Learn to read! If you want to find the enjoyment of reading call this number.....


----------



## Totalwrecker (Feb 26, 2009)

Extend the ladder before climbing on it....


----------



## Dwight Ennis (Jan 2, 2008)

Just goes to show how far things have gone and how ridiculous things have become in attempts to shield from legal liability.









It wasn't all that long ago that the term "ambulance chaser" was an insult referring to the lowest of the low. Today, I can't watch the tube for 15 minutes without seeing, "If you or someone you know has been diagnosed with mesothelioma..."


----------



## Tom Leaton (Apr 26, 2008)

Chris--Wait a few years, the weird factor will go way up. 
Dwight--The fine print on those ads is interesting, too. ( I don't run mass media ads seeking mesothelioma/asbestosis cases merely in order to refer them out to another lawyer). 
"Please listen the full message as our options have changed. . "


----------



## Scottychaos (Jan 2, 2008)

label on the back of a plastic refrigerator magnet, in the shape of a 2-inch bottle of beer: 
"not for eating, only for seeing"


----------



## R Snyder (May 12, 2009)

The operating rooms of the hospital in which I used to practice had Braille signs on the doors.


----------



## tacfoley (Jan 3, 2008)

Posted By R Snyder on 19 Jun 2010 10:18 AM 
The operating rooms of the hospital in which I used to practice had Braille signs on the doors. 
In the town of Luton here in UK, the newly-opened Arndale Centre Shopping Mall had all the elevator/escalator signs, as well as all the descriptive signs on the flower beds, PRINTED printed in Braille.


NOT embossed.

Just printed.

Also, seen on Irish single-deck buses in the 50's and 60's - in Irish and English - 'Capacity 45 persons - no more than half that number may be standing up at any time.'

...and - 'PLEASE ASK THE DRIVER FOR DETAILS' - underneath the notice - 'DO NOT TALK TO THE DRIVER'

tac
http://www.ovgrs.org/
Supporter of the Cape Meares Lighthouse Restoration Fund


----------



## Wesley Furman (Jan 2, 2008)

Project I worked on the installers put the room numbers with embossed Braille letters above the doors. 

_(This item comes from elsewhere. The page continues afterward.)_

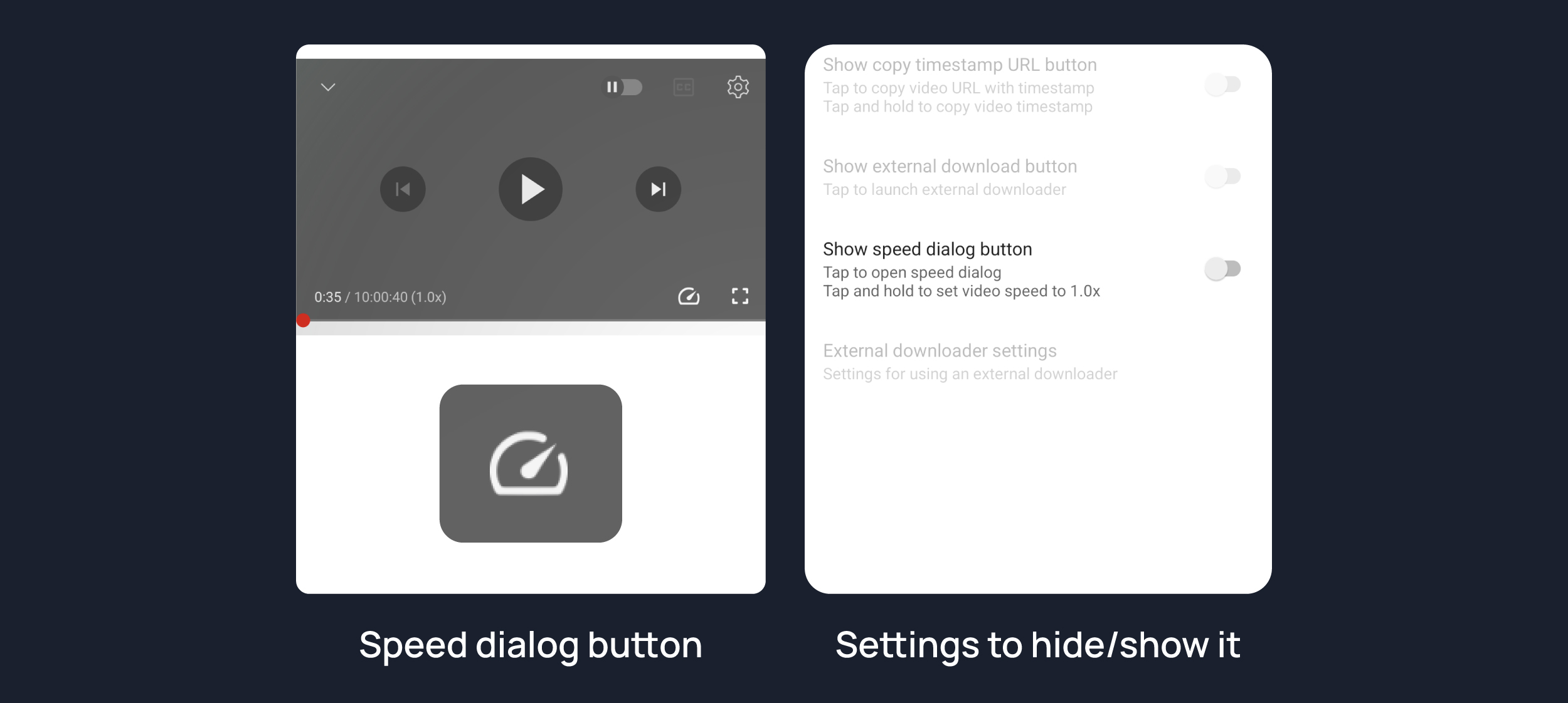Shows speed dialog button on player. You can change/reset video speed using this button.
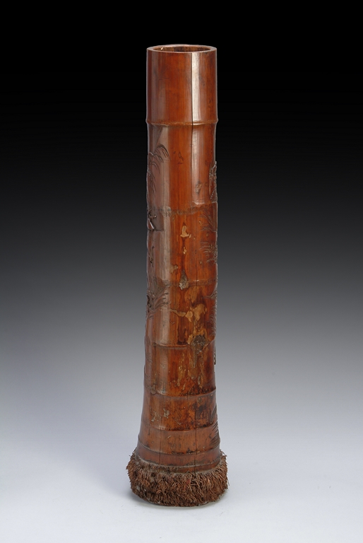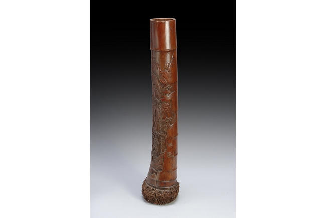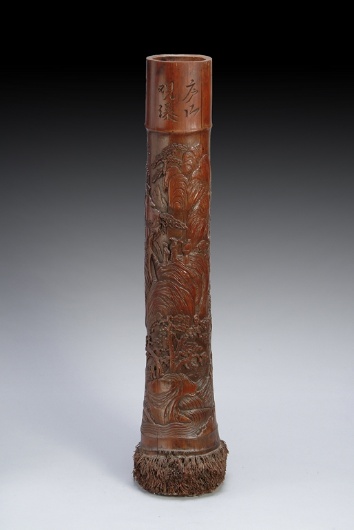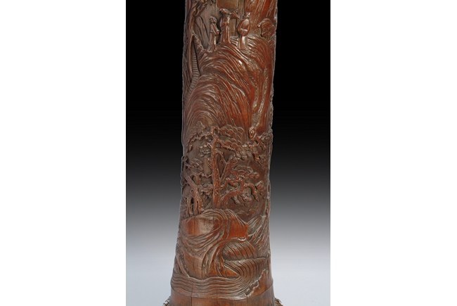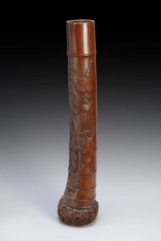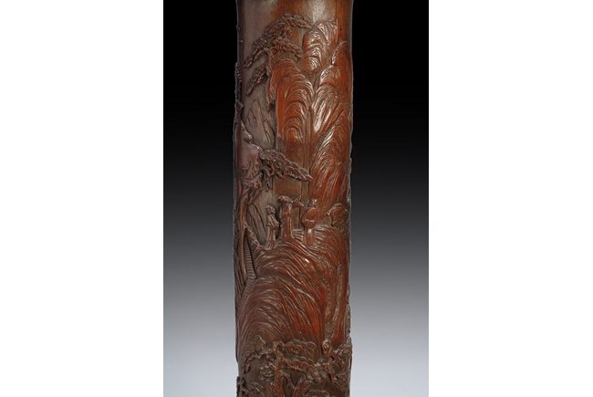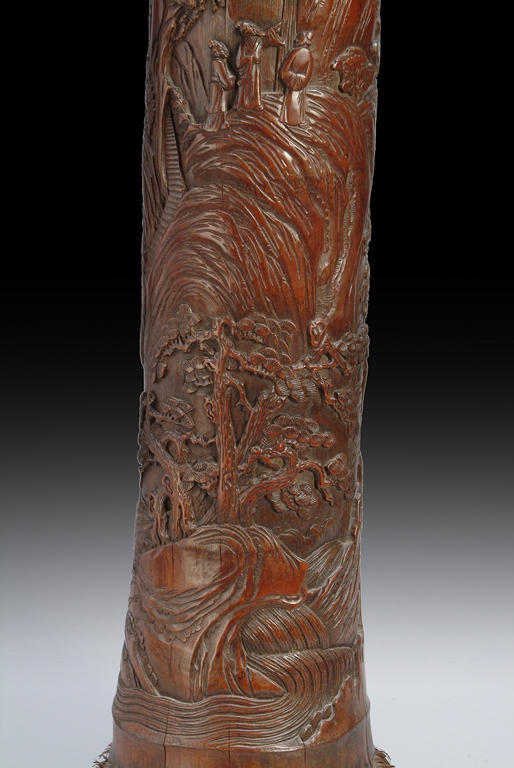This piece is carved meticulously out of a section of bamboo branch. It depicts a landscape scene with three scholars among pine groves and soaring mountain ranges. Early Republic period.

All you can eat under $10, price varies.


----------



## JackM (Jul 29, 2008)

My small group of 6-8 employees was moved to a brand new facility. We had a unisex rest room with the lock mounted on the OUTSIDE of the door. It took three years of emails to get it installed on the inside.


----------



## Semper Vaporo (Jan 2, 2008)

Posted By Dwight Ennis on 19 Jun 2010 07:25 AM 
Just goes to show how far things have gone and how ridiculous things have become in attempts to shield from legal liability.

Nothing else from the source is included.